How do I change the default charset option

1,312 views
Skip to first unread message

Alan

unread,
Jul 17, 2013, 5:50:31 PM7/17/13
to blueg...@googlegroups.com
Hi

Since my last upgrade using the new file option or new file button creates a HTML5 file with

    <meta content="text/html; charset=windows-1252" http-equiv="content-type">

I want to use UTF-8 at as my character set.  I can't find a option to change it for default.  If I select more options to the side of the new file button or use the new file wizard the UTF-8 option is set as default

how can I change the default option for the new file option

Thanks

Alan

Greg Chapman

unread,
Jul 17, 2013, 6:44:04 PM7/17/13
to blueg...@googlegroups.com
Hi Alan,

On 17 Jul 13 22:50 Alan <alid...@googlemail.com> said:
> I want to use UTF-8 at as my character set. I can't find a option
> to change it for default. If I select more options to the side of
> the new file button or use the new file wizard the UTF-8 option is
> set as default
>
> how can I change the default option for the new file option

Select: Tools > Preferences > Advanced > Configuration Editor > I'll
be careful I promise

Search for: intl.charset.default

double-click the item and, in the "Enter string value" dialogue enter:
utf-8


Greg Chapman
http://www.gregtutor.plus.com
Helping new users of KompoZer and The GIMP
Still exploring BlueGriffon

Philip Goddard

unread,
Oct 23, 2016, 12:48:48 PM10/23/16
to bluegriffon
Hi, Greg.

I'm now starting the conversion of my websites to HTML5, and have read that I need to convert to utf-8 encoding. I've just seen this now out-of-date reply of yours, and would most appreciate a note of what about:config values to change to utf-8 now, in the current BG version, which doesn't have intl.charset.default , but has the following lines whose values may or may not need changing:
intl.accept_charsets (value iso-8859-1,*,utf-8)
intl.charset.detector (unset)
intl.charset.fallback.override (unset)
intl.fallbackCharsetList.ISO-8859-1;windows-1252 (value windows-1252)

At the moment BG is saving to a charset that EditPad identifies as ASCII+#65535;NCR, and converts pages that have been converted to utf-8 in EditPad back into the former charset - not exactly useful!

If the appropriate BG about:config line is set to utf-8, would BG then convert a page with a different charset into utf-8, so that it then saves with that encoding?  Also, would BG then change the charset declaration in the page's header, or would one have to do that manually?  Any ideas?  :-)  - Many thanks!

--
Philip

Philip Goddard

unread,
Oct 24, 2016, 7:07:43 AM10/24/16
to bluegriffon
Hmmm...  Well, I tried adding intl.charset.default to BG's about:config, set to utf-8, but BG still saves in what EditPad describes as ASCII+#65535;NCR (while leaving the<meta charset="utf8"> tag intact).
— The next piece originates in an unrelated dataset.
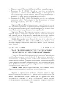 - Хомич, О. Л. (2017) The state of formation of prosocial behavior of main school students Теоретико-методичні проблеми виховання дітей та учнівської молоді, 2 (21). pp. 312-323. ISSN 2308-3778
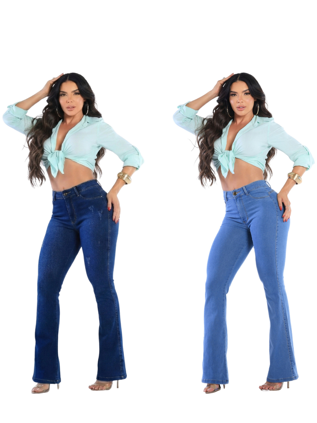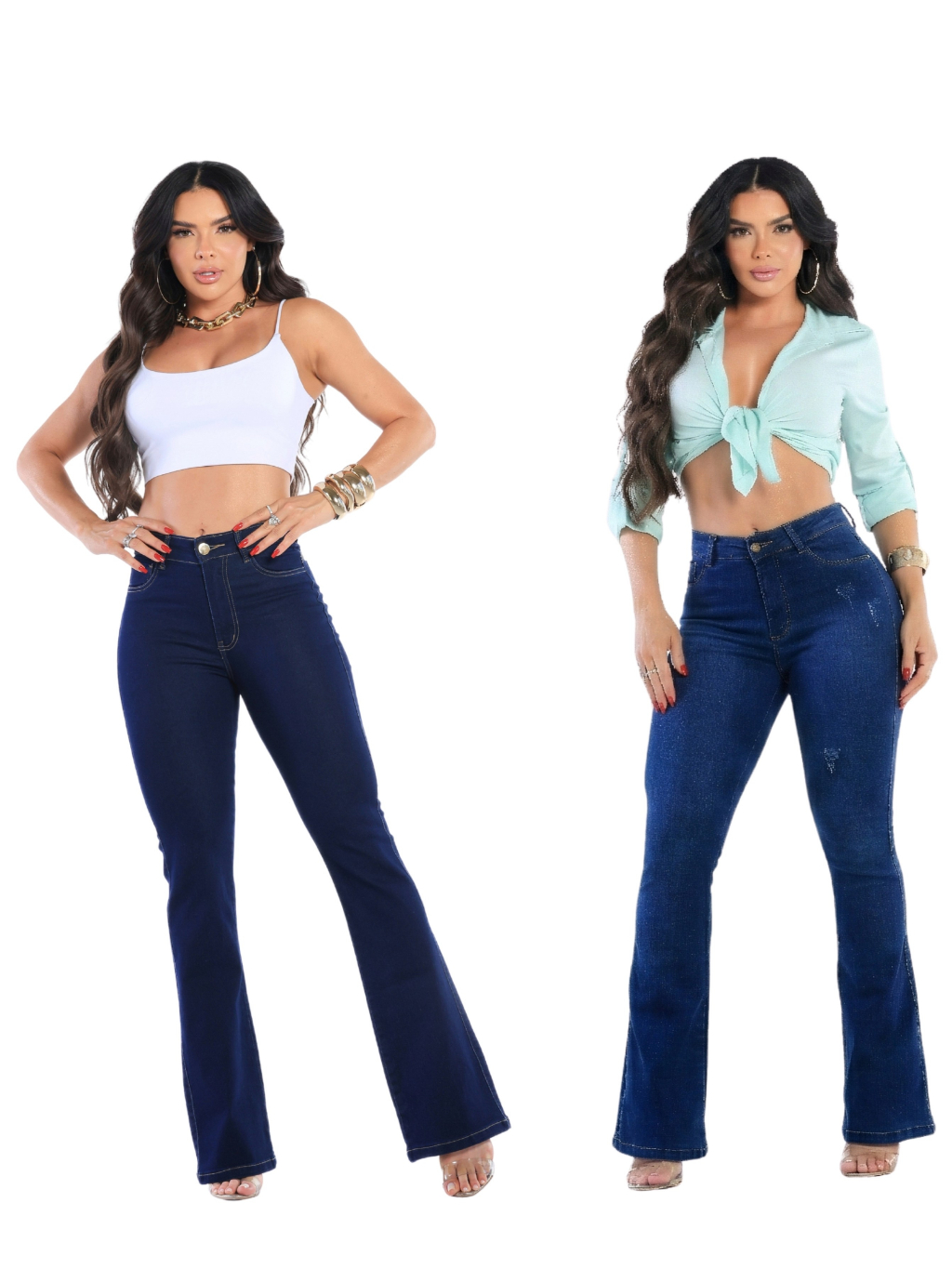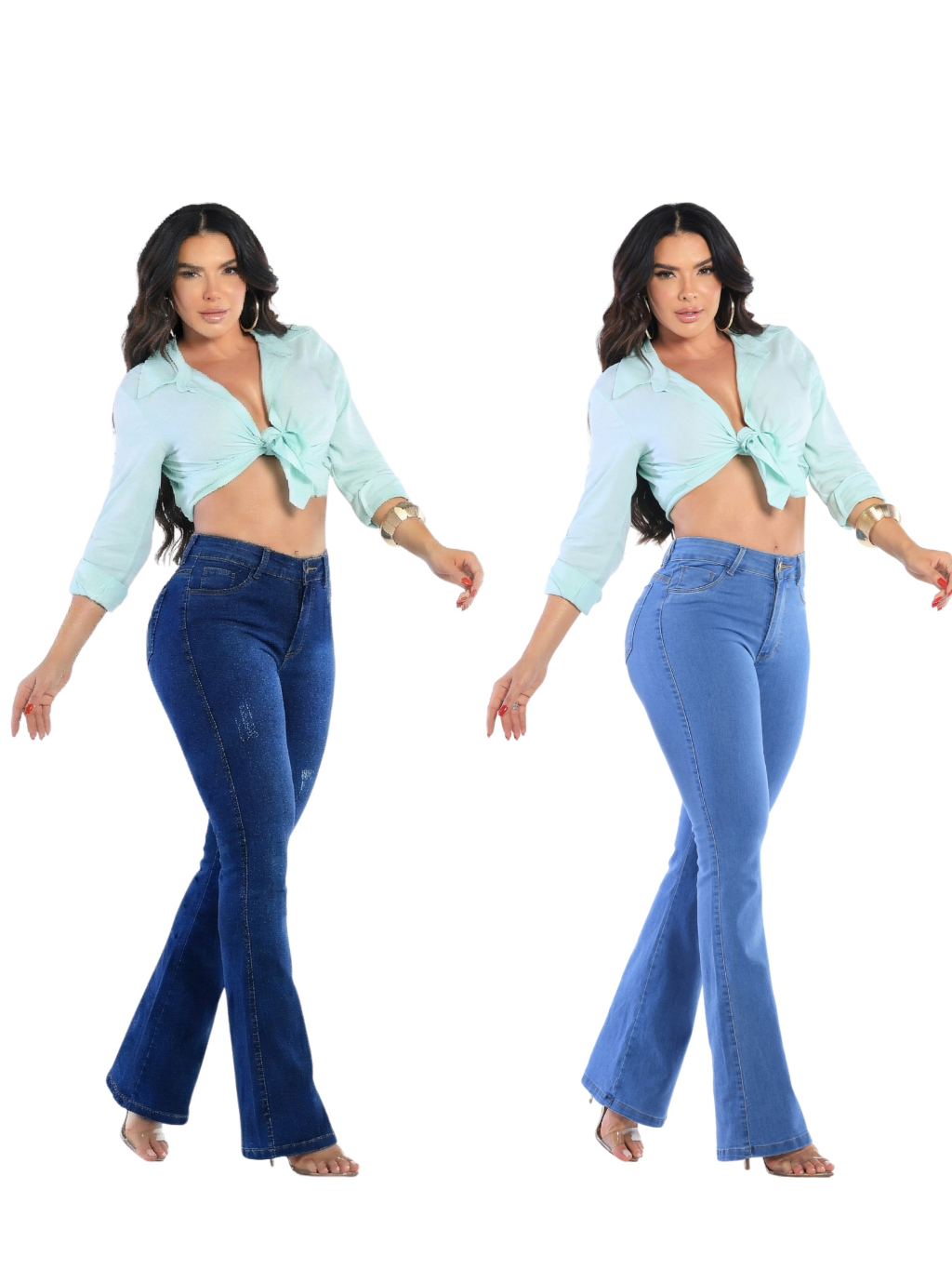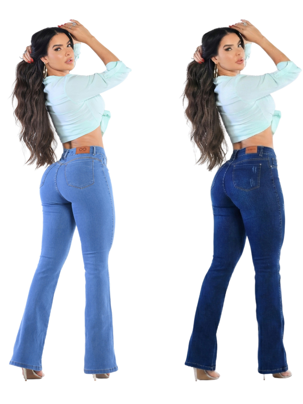 Kit 2 Calças Jeans Feminina Flare Levanta Bumbum Cos Alto Com Lycra Boca De Sino

It looks to me as though current version of BG is broken and I don't know what to do, because although it's really the only properly usable web-page editor available to me, at least, that suits my modus operandi, this intransigent failure to save in utf-8 is now a show-stopper as it doesn't make sense for me not to have all my pages in properly compliant HTML5 with utf-8 encoding.  I'll report this bug, but I'm stymied at the moment.

--
Philip

Greg Chapman

unread,
Oct 24, 2016, 9:42:29 AM10/24/16
to blueg...@googlegroups.com
Hi Philip,

On 24/10/16 12:07, Philip Goddard wrote:
> Hmmm... Well, I tried adding intl.charset.default to BG's
> about:config, set to utf-8, but BG still saves in what EditPad
> describes as ASCII+#65535;NCR (while leaving the<meta charset="utf8">
> tag intact).

I think that's exactly what is meant to happen. The meta tag is an
instruction to the browser on how to render a page. It has nothing to do
with the format that some external editor uses or the file you upload to
a server - well, indirectly it does, as the character set you save the
file in will impact on the range of characters that the browser is
instructed to use.

Or that is my understanding, but I'm not expert in this area.

--
Greg Chapman
http://www.gregtutor.co.uk
Still helping users of KompoZer but using BlueGriffon

Philip Goddard

unread,
Oct 24, 2016, 9:56:17 AM10/24/16
to bluegriffon
Hello again, Greg!

Sure, the metatag is meant for browsers, but nonetheless it makes absolutely no sense for an editor, especially a Web page editor, to save in an encoding different from what is specified in the charset metatag. After all, that is a serious error for a browser to have to cope with, and an editor should at least warn the user and give sensible options for the current save, rather than silently save in a different encoding to the declared charset. And in any case we still have the clear bug, that BG is consistently saving in non-utf-8 encoding despite my having done all I can to configure BG to save in utf-8. A dead loss at the moment!  :-(  I'll have to struggle along using EditPad instead of a WYSIWYG editor for the moment until this serious BG issue has been fixed.

--
Philip.

Greg Chapman

unread,
Oct 24, 2016, 10:33:34 AM10/24/16
to blueg...@googlegroups.com
Hi Philip,

On 24/10/16 14:56, Philip Goddard wrote:
> Sure, the metatag is meant for browsers, but nonetheless it makes
> absolutely no sense for an editor, especially a Web page editor, to
> save in an encoding different from what is specified in the charset
> metatag.
Character Sets are a field that is beyond my level of competence, but I
think there may be some confusion here about what Editpad is telling you
and what is of relevance to a browser.

Interestingly, when I search for ASCII+#65535;NCR the early results are
pages from Editpad help files and they seem to be explaining that they
are madly trying to get rid of the UTF coding for you.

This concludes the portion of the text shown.